*** Begin section ***

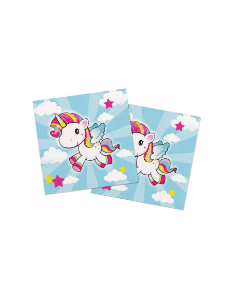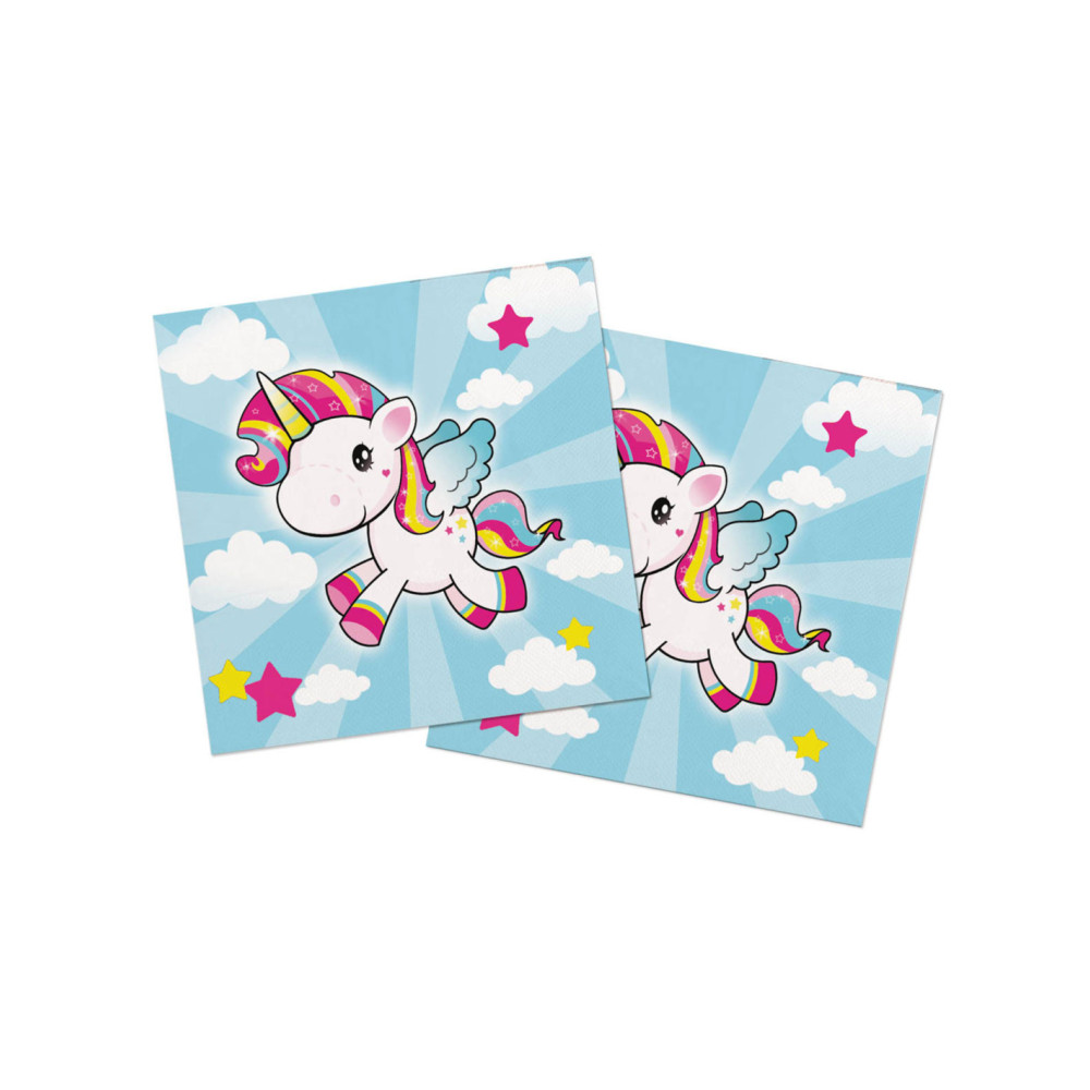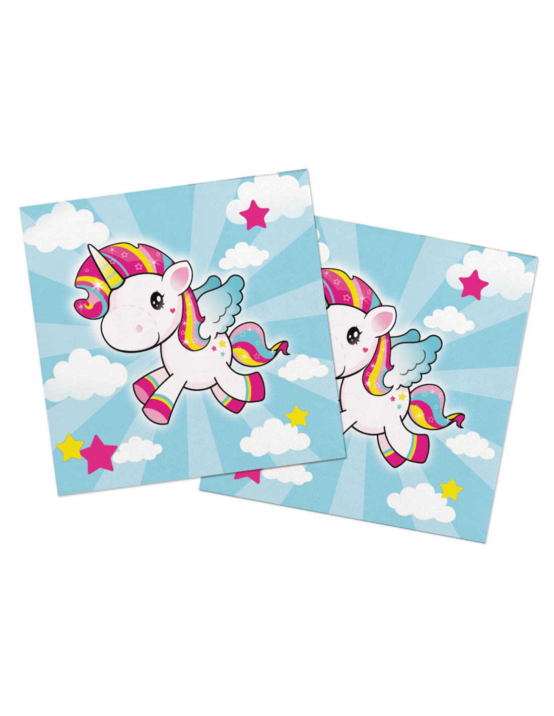 Maak je sprookjesfeest compleet met deze vrolijke servetten van eenhoorns. De set bevat 20 3-laags papieren servetten van 33 x 33 cm groot met een afbeelding van een eenhoorn in de wolken erop.
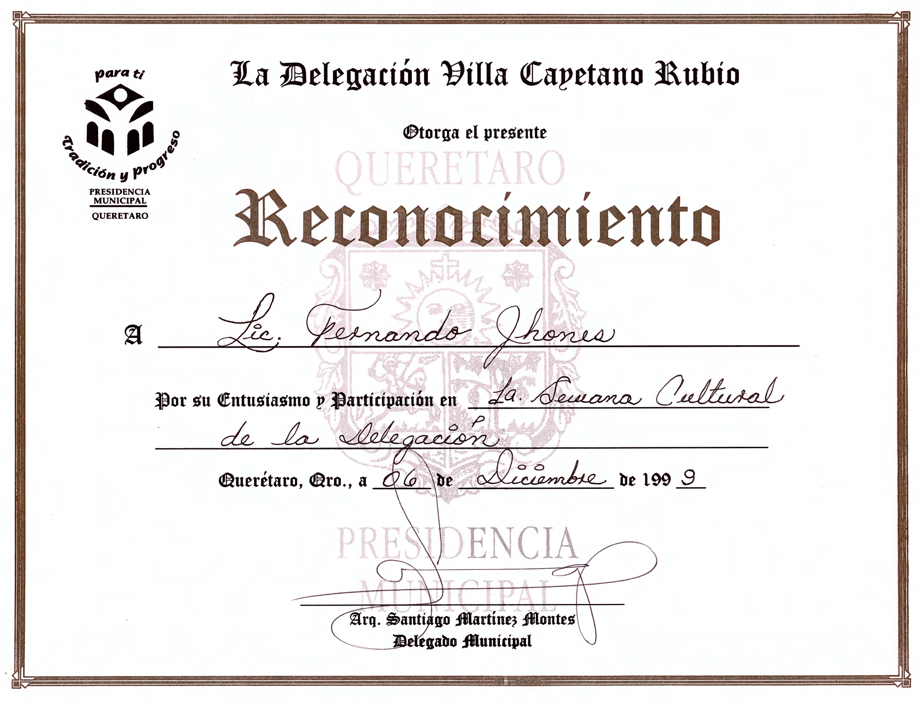 Reconocimiento por participación en la Semana Cultural de la Delegación Villa Cayetano Rubio, el día 6 de diciembre de 1999
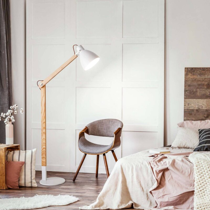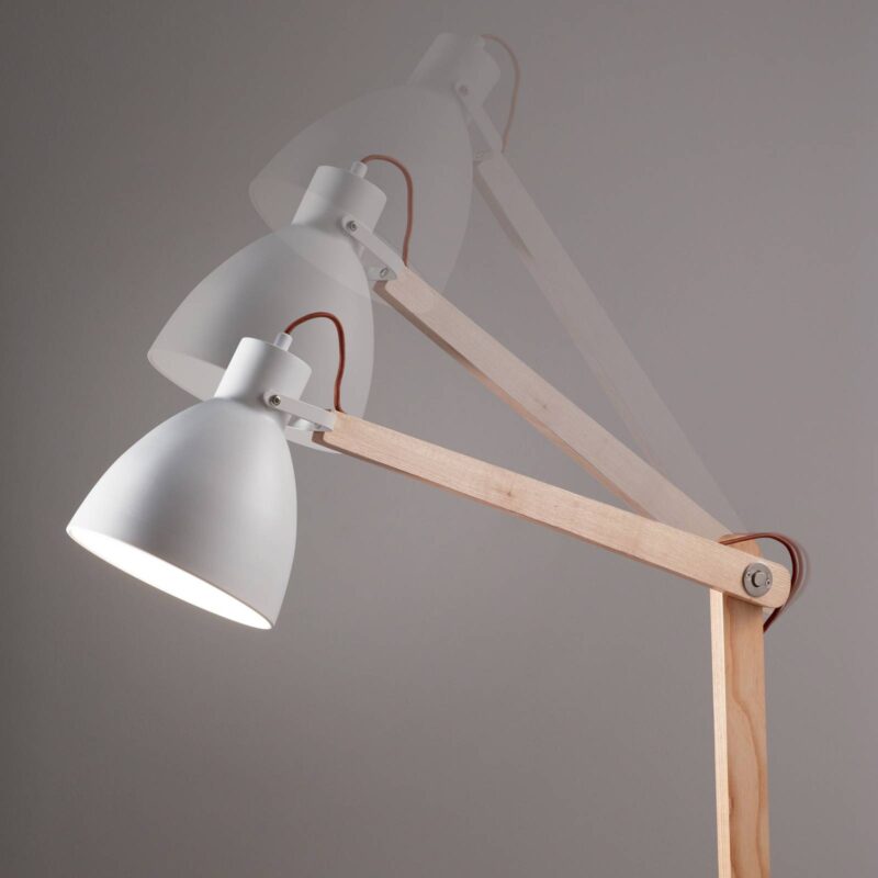 Stojaca lampa Sveva z dreva, biela/jaseň

*** End section ***

ASSIGNMENT ->
Apart from the pictures, all of the data should be repeated exactly.

ANSWER BOX ->
 Maak je sprookjesfeest compleet met deze vrolijke servetten van eenhoorns. De set bevat 20 3-laags papieren servetten van 33 x 33 cm groot met een afbeelding van een eenhoorn in de wolken erop.
 Reconocimiento por participación en la Semana Cultural de la Delegación Villa Cayetano Rubio, el día 6 de diciembre de 1999
 Stojaca lampa Sveva z dreva, biela/jaseň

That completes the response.